"Let the ops worry about time" is not an answer.
We're talking about the something we're hoping to turn into a world-class mass-use image bank, and its front-line public-facing search capability.
That's on an altogether different scale to WDQ running a few hundred searches a day.
Moreover, we're talking about a public-facing search capability, where you're user clicks a tag and they want an updated results set *instantly* -- their sitting around while the server makes a cup of tea, or declares the query is too complex and goes into a sulk is not an option.
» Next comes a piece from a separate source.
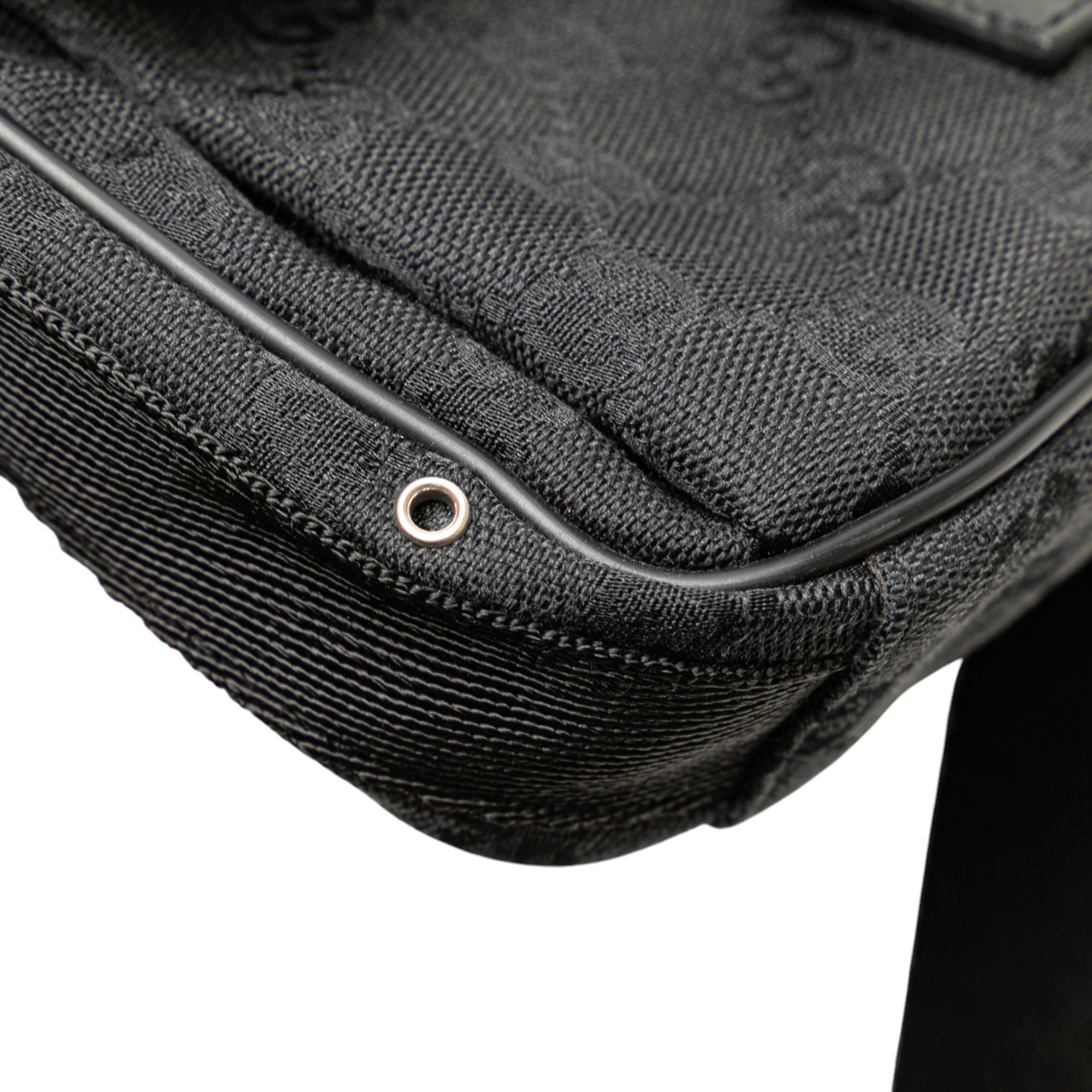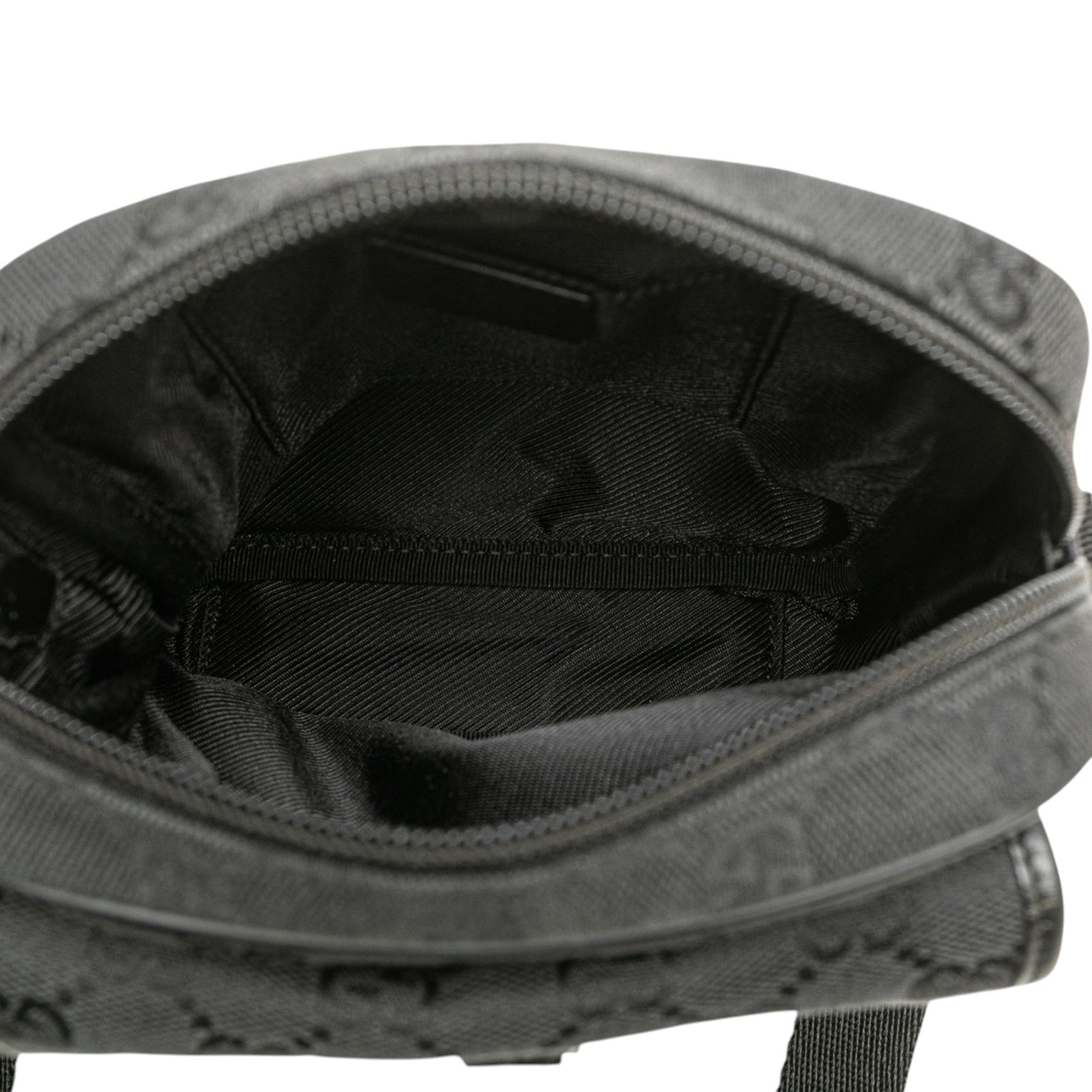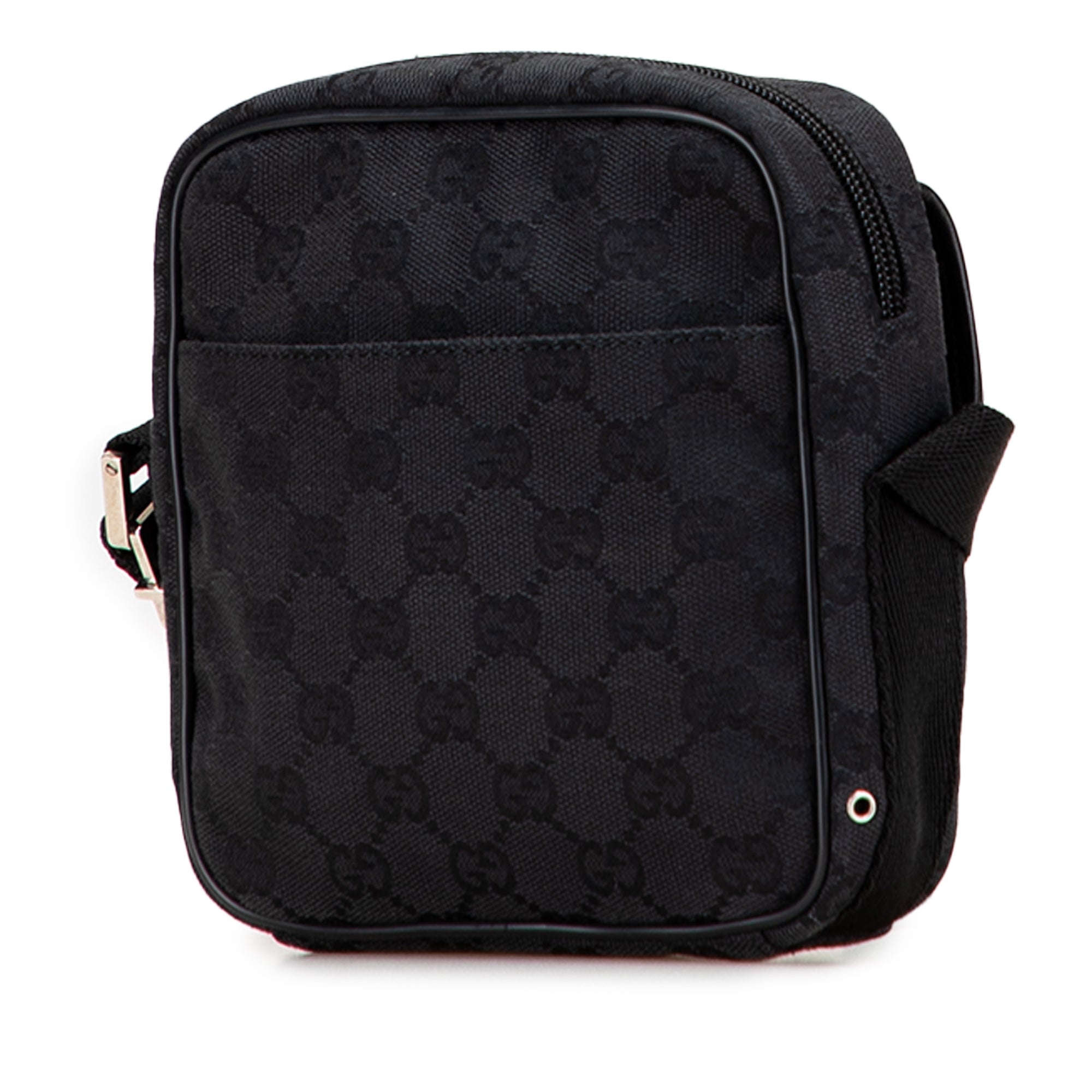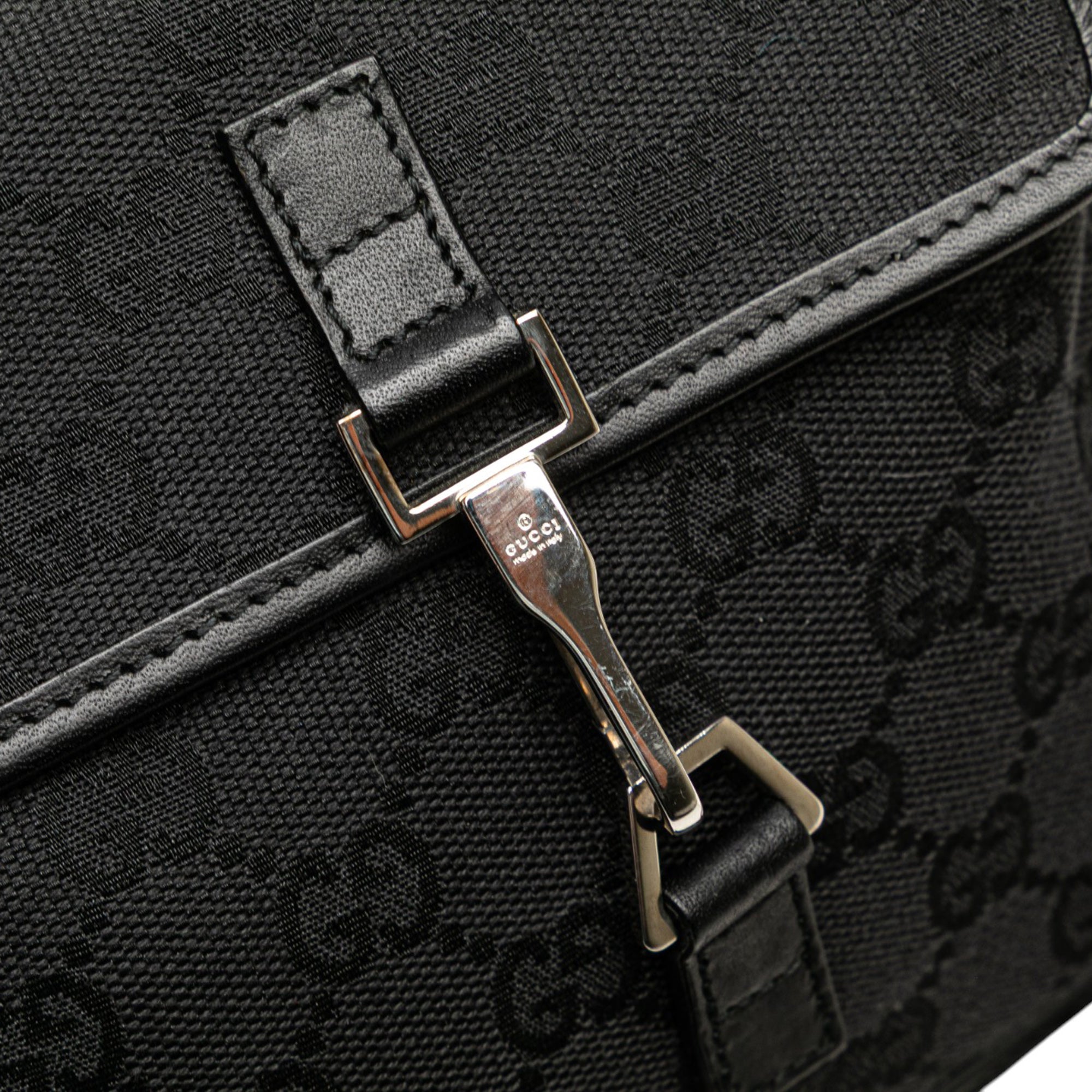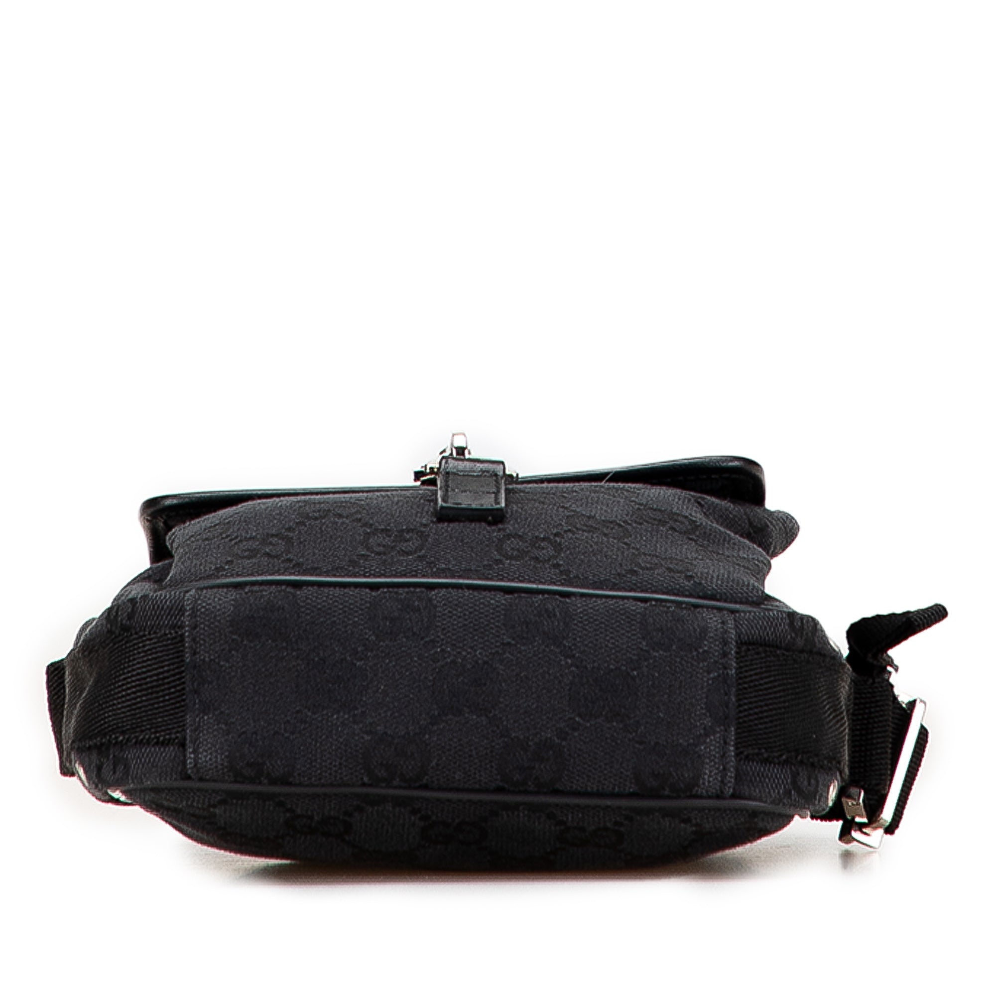 Product Details: Black Gucci GG Canvas Jackie Crossbody. This crossbody bag features a canvas body with leather trim, an adjustable flat canvas strap, a top zip closure, an exterior back slip pocket and a front flap pocket with lobster clasp closure, and an interior slip pocket. 5.9" L x 5.9" W x 1.8" D. Serial number 90470 001998.

If the user wants a search on "palace" and "soldier", there simply is not time for the server to first recursively build a list of every palace it knows about, then every image related to each of those palaces, then every soldier it knows about, every image related to each of those soldiers, then intersect the two (very big) lists before it can start delivering any image hits at all. That is not acceptable. A random internet user wants those hits straight away.
The only way to routinely be able to deliver that is denormalisation.
It's not a question of just buying some more blades and filling up some more racks. That doesn't get you a big enough factor of speedup.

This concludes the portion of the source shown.